Transcribe only the lines in the data below falling between the line with "Novo campo para" and the line with "新加坡政府將撥款1.5億新元", including those two lines, and leave out any picture.

━━━━━ EXERCISE MATERIAL

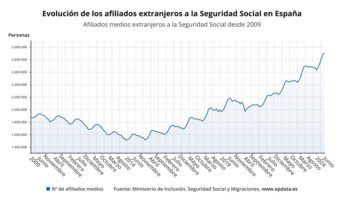 La Seguridad Social ganó una media de 16.036 afiliados extranjeros en junio, un 0,56% más respecto al mes anterior, con lo que el sexto mes del año se cerró con 2.899.003 afiliados procedentes de otros países, nuevo máximo histórico, según ha informado este martes el Ministerio de Inclusión, Seguridad Social y Migraciones.
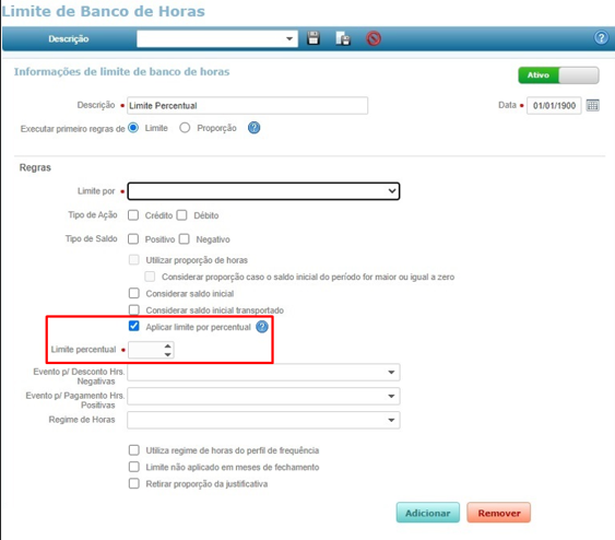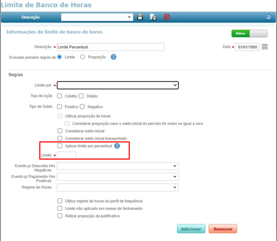 Novo campo para informar a quantidade percentual relacionada ao limite do banco de horas:
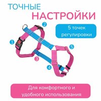 Купить Шлейка с ручкой прогулочная анатомическая для средних и крупных пород собак, CORADOG Quick click, размер M, цвет голубой, ярко розовый с доставкой по всей России.
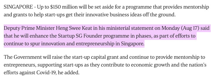 新加坡政府將撥款1.5億新元用于一個(gè)項(xiàng)目,該項(xiàng)目提供指導(dǎo)和資金,幫助初創(chuàng)企業(yè)將創(chuàng)新的商業(yè)理念付諸實(shí)踐。
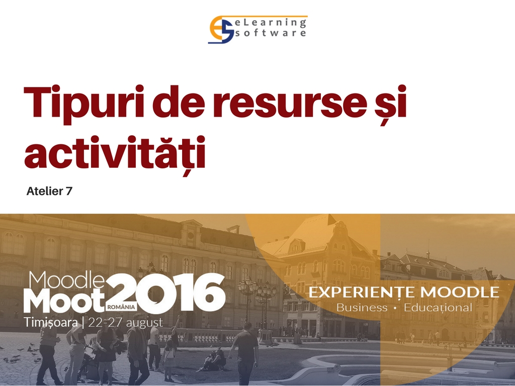 Resursele și activitățile reprezintă două categorii de obiecte Moodle extrem de importante. La fel de importantă este și diferențierea acestora. Resursele sunt acele obiecte dintr-un curs online prin care oferim informații cursanților. Activitățile sunt elementele pe care le includem într-un curs pentru a pune cursanții în situația de a folosi informațiile prezentate sub formă de resurse...
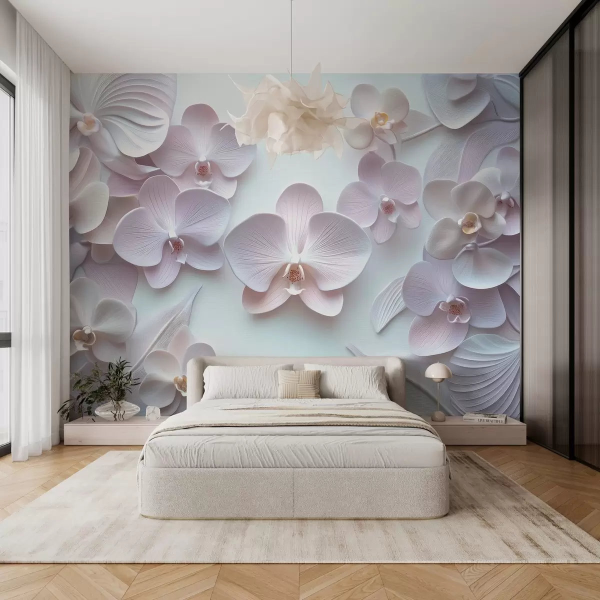 murais de parede Flores delicadas de archidia em cores claras com imitação 3D  w02912
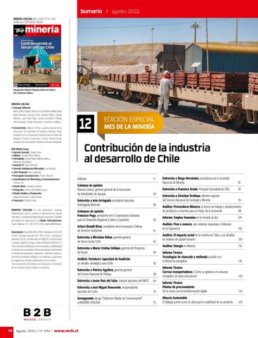 Agosto 2022 / nº 494 • www.mch.cl10 12Contribución de la industria al desarrollo de Chile MINERÍA CHILENA (M.R.) ISSN 0716-1042, Editada por: B2B MEDIA GROUP Entrevista a Miroslaw Kidon gerente general Sierra Gorda SCM Entrevista a Iván Arriagada presidente ejecutivo Antofagasta Minerals Contribuyendo al desarrollo de Chile Industria Minera: EDICIÓN ESPECIAL MES DE LA MINERÍA FUNDADA EN 1980 chilenaminería 2022agosto 494 AGO. 2022 42494 Inauguración Sistema Traspaso Andina de Codelco. Foto: Gentileza Codelco. MINERÍA CHILENA • Consejo Editorial: María Cristina Bogado, Tamara Leves, Macarena Vallejo, María Isabel González, Germán Castro, Osvaldo Pastén, Claudio Valencia, Juan David Rayo, Jacopo Seccatore, Philippe Hemmerdinger, Sergio Hernández y Francisco Costabal. • Columnistas: Marcos Gómez, gerente general de la Asociación de Industriales de Iquique, Francisco Puga, presidente de la Corporación Industrial para el Desarrollo Regional (Cidere) Coquimbo y Arturo Brandt Rivas, presidente de la Asociación Chilena de Derecho Ambiental. B2B Media Group • Gerente General: Cristián Solís • Editora: Aracelly Pérez-Kallens • Periodistas: Daniel Rojas, Mylena Jeldes y Macarena Santibáñez • Gerente TI: Oscar Sánchez • Gerente Inteligencia Mercados: Luis Ramírez • Jefe Finanzas: Alex Céspedes • Encargado Suscripciones: Rubén Villarroel • Coordinadora de Marketing y Comunicaciones: Cristina Cid • Diseño Web: Leonardo Olivares • Fotografía: Archivo B2B Media Group • Diseño Gráfico y Producción: Alejandra Barraza y Gloria Azócar • Impresión: Gráfica Andes MINERÍA CHILENA es una publicación mensual independiente, que no cuenta con patrocinios de ninguna naturaleza. La revista está disponible por suscripción, solicítela por Internet en: www.mch.cl o al Depto. Suscripciones: Rubén Villarroel, Tel.: +56 2 2757 4222, rvillarroel@b2bmg.cl
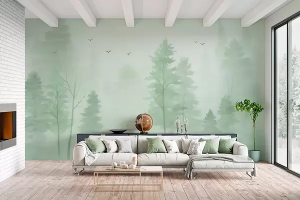 Zidne murale Zračna šuma u akvarelu u zelenim tonovima br. w04872v1
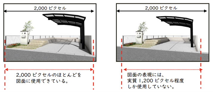 写真やパース画像では、フレーム全体を使って被写体を大きく見せることが重要です。
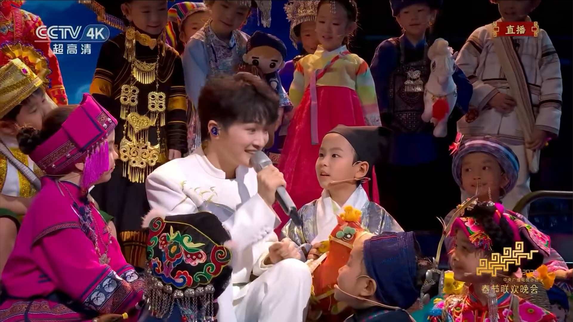 随后周深的节目,汉族小朋友在彩排之后,红马甲改成了明制汉服。终于,汉族小朋友,也穿上了民族服装。
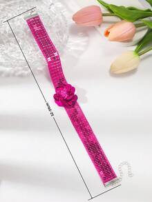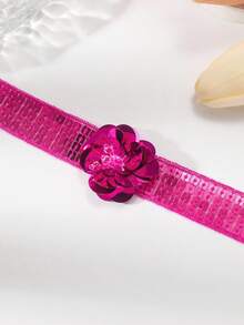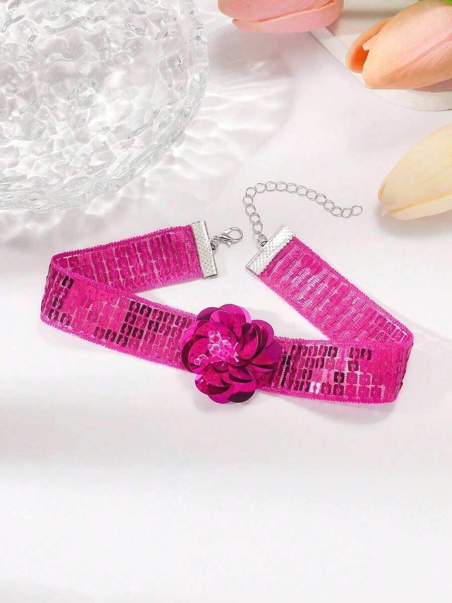 1pc Fashionable Simple Colorful Glitter & Faux Pearl Flower Decor Satin Ribbon Necklace, Suitable For Women's Daily Wear
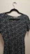 Elegant dress with a floral pattern. Features a mix of blue, white, and black colors.
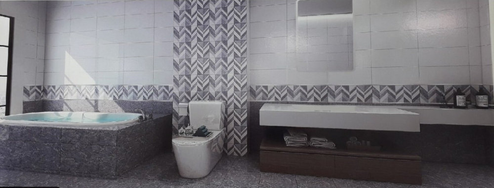 Плитка обладает блестящей глянцевой поверхностью, благодаря чему она эффектно смотрится и ее легко очищать.
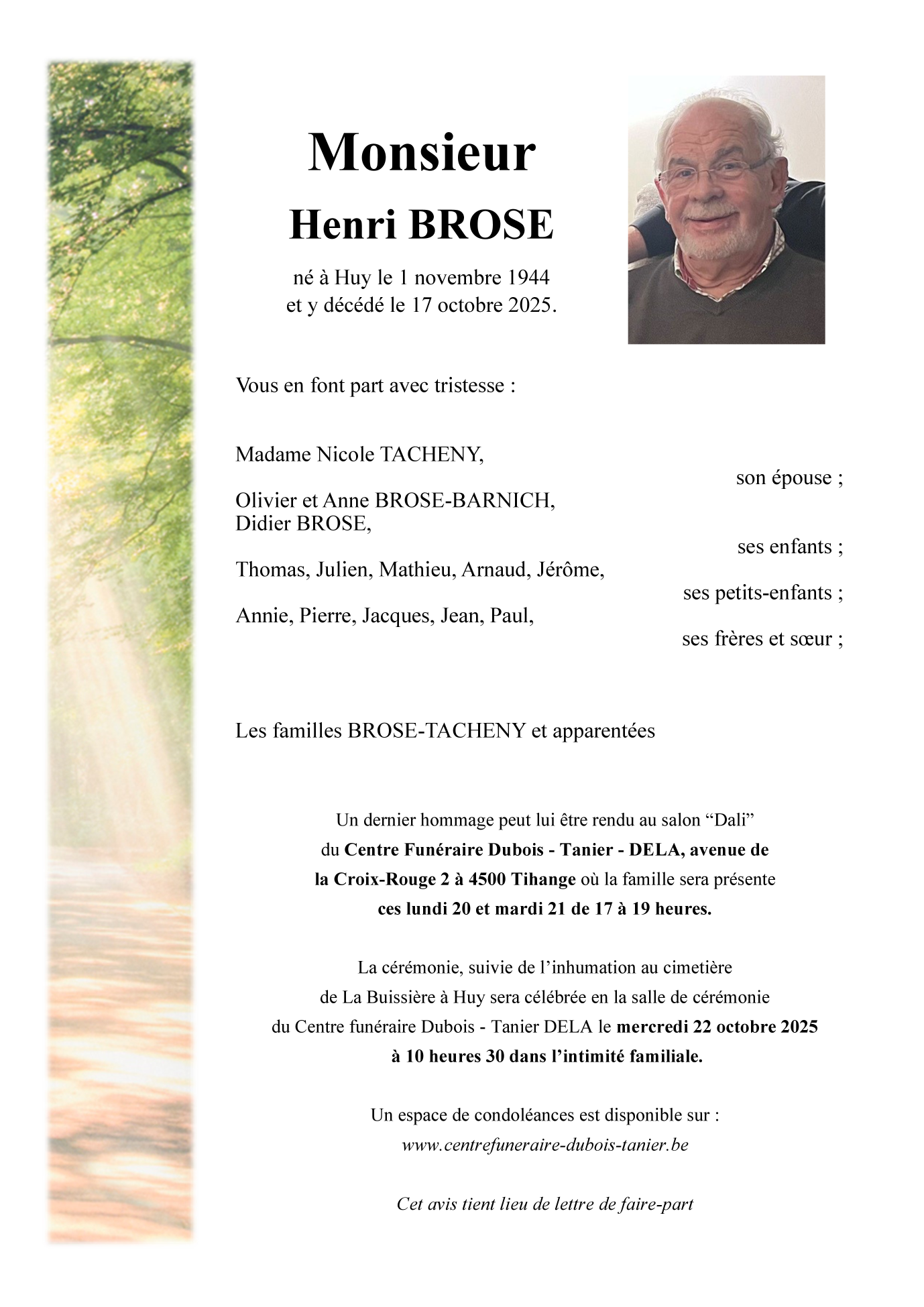 Décédé à Huy (4500, Belgique) le vendredi 17 octobre 2025 à l'âge de 80 ans
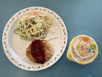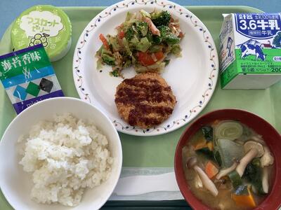 今日の給食は鶏のパン粉焼きの予定でしたが、都合によりハンバーグに変更になりました。
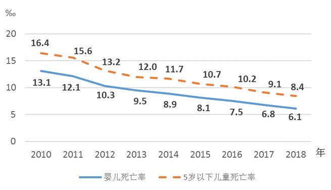 1.儿童健康水平不断提高。自2010年以来,婴儿死亡率和5岁以下儿童死亡率持续下降(见图1)。2018年,全国婴儿死亡率为6.1‰,五岁以下儿童死亡率为8.4‰,均比上年下降0.7‰,明显低于纲要10‰和13‰的目标。儿童健康水平的不断提高在延长我国预期寿命方面发挥了重要作用。《中国妇幼保健发展报告》(2019年)显示,2000年至2015年中国预期寿命增长了4.9年,其中23.5%是由于5岁以下儿童死亡率下降。

━━━━━━━━━━

REPLY –
 Novo campo para informar a quantidade percentual relacionada ao limite do banco de horas:
 Купить Шлейка с ручкой прогулочная анатомическая для средних и крупных пород собак, CORADOG Quick click, размер M, цвет голубой, ярко розовый с доставкой по всей России.
 新加坡政府將撥款1.5億新元用于一個(gè)項(xiàng)目,該項(xiàng)目提供指導(dǎo)和資金,幫助初創(chuàng)企業(yè)將創(chuàng)新的商業(yè)理念付諸實(shí)踐。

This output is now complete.